The Wall Street Journal is reporting Two More Builders Buckle.

Two more home builders have filed for Chapter 11 bankruptcy protection in the face of declining home sales and troubled credit markets.

Oakridge Homes LLC in California and M.W. Johnson Construction Inc., which builds homes in Minnesota, Wisconsin and Florida, both sought Chapter 11 protection Friday. The companies are two of many home builders in bankruptcy proceedings, including Levitt and Sons LLC and Tousa Inc.

M.W. Johnson, of Lakeville, Minn., reported assets and debts in the range of $50 million to $100 million in its bankruptcy petition and said it has between 200 and 999 creditors. The home builder’s affiliate, M.W. Johnson Construction of Florida Inc., also filed for bankruptcy.

Oakridge Homes didn’t state in court papers whether it intends to reorganize or liquidate its assets during its stay in Chapter 11. An attorney for the company didn’t return a call seeking comment by Tuesday afternoon. Oakridge, of Valencia, Calif., listed assets and debts in the range of $10 million to $50 million in its bankruptcy petition.

Cascade Of Bankruptcies

In the grand scheme of things, the amounts here seem small. However, dozens of subcontractors will not get paid and hundreds of subcontractor employees will not get paid. To anyone not getting paid this is a big deal. Numerous people are headed for bankruptcy over this and some small regional bank or creditor is going to going to take a very big (for them) hit over this. These things all add up and they are adding up all over the country.

We have yet see one of the huge national builders blow sky high, but we will. And we have not seen a large regional bank blow up yet either but we will.

Ambac To Terminate Contract With Fitch

In other news, Bloomberg is reporting Ambac Financial to Terminate Fitch Ratings Contract.

Ambac Financial Group Inc., the second-largest bond insurer, is terminating its ratings contract with Fitch Ratings.

“Our decision to refocus and realign our business around our core expertise in the public finance and infrastructure sectors has led us to re-evaluate our ratings needs,” New York- based Ambac said today in a statement. “As part of this review, we have asked Fitch to remove its ratings on Ambac and all its subsidiaries effective immediately.”

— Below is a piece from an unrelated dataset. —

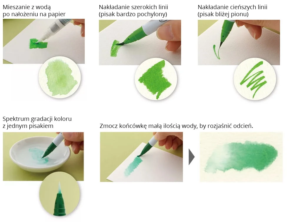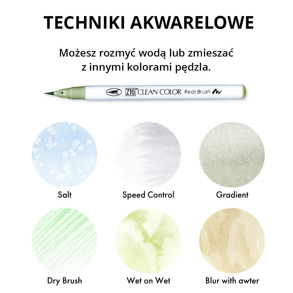 - Clean Color Real Brush firmy Kuretake to pisak wyjątkowy - posiada prawdziwą pędzelkową końcówkę, wykonaną z syntetycznego włosia.

Ambac’s request follows one by rival MBIA Inc., which in March asked Fitch to stop providing a financial strength rating on its insurance unit. Bond insurers lost their top ratings after straying from backing municipal bonds, which rarely default, to guaranteeing securities such as collateralized debt obligations, which package pools of securities, including those backed by subprime mortgages, and slice them into pieces of varying risk.

The Point Is Moot

Since Ambac’s guarantee is worthless, there is not going to be much if any new business for Fitch to rate. And as for getting back to “core expertise” (assuming Ambac has any which I highly doubt), I have to ask: What good is expertise when your business model is dead and you have no customers?

One final point: The equity markets have finally realized that Ambac and MBIA have a date with Zero but the ramifications of the inevitable downgrade of hundreds of municipal bond issues has certainly not been felt …. yet.